JP2010082691A - Forging method of hollow part - Google Patents

Abstract

<P>PROBLEM TO BE SOLVED: To provide a forging method of hollow parts capable of forming parts having through-holes from a long material in a simple forging process with scrap-zero manner, and smoothly discharging them from a punch. <P>SOLUTION: A long material A is fed so as to be projected from a die 3 by the predetermined length. The material A is gripped by a grip feed 11, and in this state, a punch 7 having a cylindrical punch body 70 having a forming recess 70a, an intermediate extrusion pipe 71, and a center pin 72 of the same dimension as the diameter of the material is advanced to the die side, and a front face of the punch body 70 is tightly attached to a front face of the die 3 to form a forming space R. Thereafter, the center pin 72 is advanced in the forming recess 70a and a projected portion of the material A is pushed back into the forming space R and formed in a desired shape. Further, the grip feed 11 is opened, the center pin 72 is advanced into the die 3 to separate the material A from a hollow parts B having a through-hole B1. When the punch 7 is retracted, the intermediate extrusion pipe 71 is advanced to the die side to discharge the hollow parts B from the punch 3. <P>COPYRIGHT: (C)2010,JPO&INPIT

Description

  The present invention relates to a method for forging a hollow part in which a hollow part having a volume of at least twice the wire diameter and having a through hole in the center is repeatedly formed at zero scrap from a long linear material.

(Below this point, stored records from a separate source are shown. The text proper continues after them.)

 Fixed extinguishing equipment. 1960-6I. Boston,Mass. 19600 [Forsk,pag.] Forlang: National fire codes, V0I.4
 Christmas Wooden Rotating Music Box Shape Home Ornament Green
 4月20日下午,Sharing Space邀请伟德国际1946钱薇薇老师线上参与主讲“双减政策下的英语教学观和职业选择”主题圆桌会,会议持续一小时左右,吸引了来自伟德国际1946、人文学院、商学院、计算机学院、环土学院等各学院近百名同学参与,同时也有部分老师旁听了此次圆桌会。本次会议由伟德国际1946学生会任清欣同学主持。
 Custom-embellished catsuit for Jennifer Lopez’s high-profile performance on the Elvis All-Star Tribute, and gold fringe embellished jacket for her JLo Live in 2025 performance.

  Conventionally, as a method of forging a hollow part having a through-hole in the center, first, a long material is cut into a predetermined length, and then the cut material is transferred to a first-stage forging process, The die and punch are used to form a solid intermediate product with the desired outer shape, then the intermediate product is transferred to the first forging process, and the center of the intermediate product is punched out using the die and punching punch. Through holes are formed to form hollow parts that are final molded products.

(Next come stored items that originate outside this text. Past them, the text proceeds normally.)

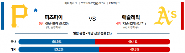 9월 22일 MLB 피츠파이 vs 애슬레틱
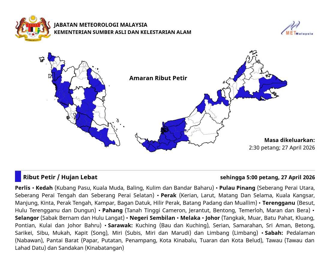 (莎阿南27日讯)狂风暴雨来袭!雪兰莪两个县区与全国多个州属,预计持续迎来雷雨,直至今日下午5时。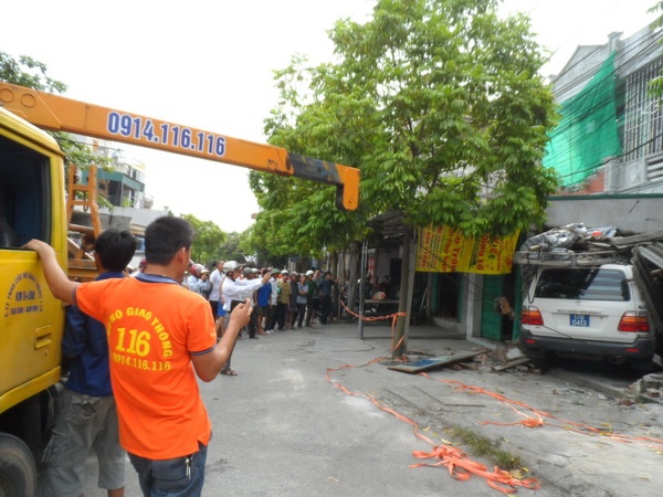 Cú đâm rất mạnh của xe ô tô làm sập một bên tường và đè nát 1 chiếc xe máy, 2 chiếc xe đạp và một số vật dụng khác của gia đình chị Hoàng Thị Bích Liên.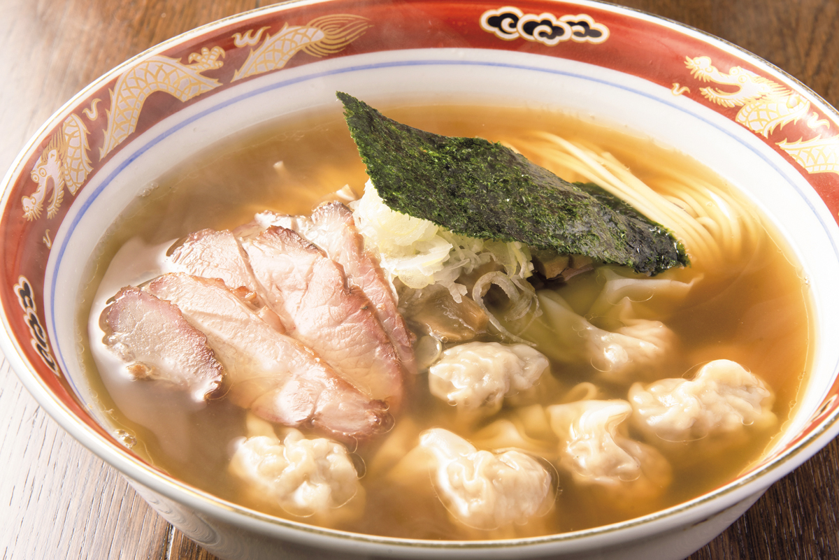 着丼した瞬間、たっぷりのワンタンとチャーシュー、そして流麗な麺に目を奪われる。手繰れば香り高いスープを呼び込み、細くなめらかな麺がつるりと口中へ滑り込む。ワンタンはまさに雲を呑むようなつるりとした皮の中に肉肉しい餡がゴロリ。食べ応えのある一杯だ。

  However, according to the above conventional forging method of hollow parts, a cutting process (cutting mechanism) for cutting a long material into a predetermined dimension is required separately from the forging process, and cutting is performed by the cutting mechanism. Since the blank having a predetermined dimension has the same cross-sectional shape as that of the material, many forging steps from the shape of the blank to the final molded product are required. As a result, the forging machine becomes complicated, becomes large and expensive, and has a problem that material loss occurs because the center portion of the intermediate molded product is punched to form a through hole.

  Therefore, the present invention has been devised in view of the above problems, and it is possible to repeatedly forge a hollow part having a volume more than twice the diameter of a material from a long material without scraping, and smoothly eject it from the punch. An object is to provide a method for forging hollow parts that can be produced.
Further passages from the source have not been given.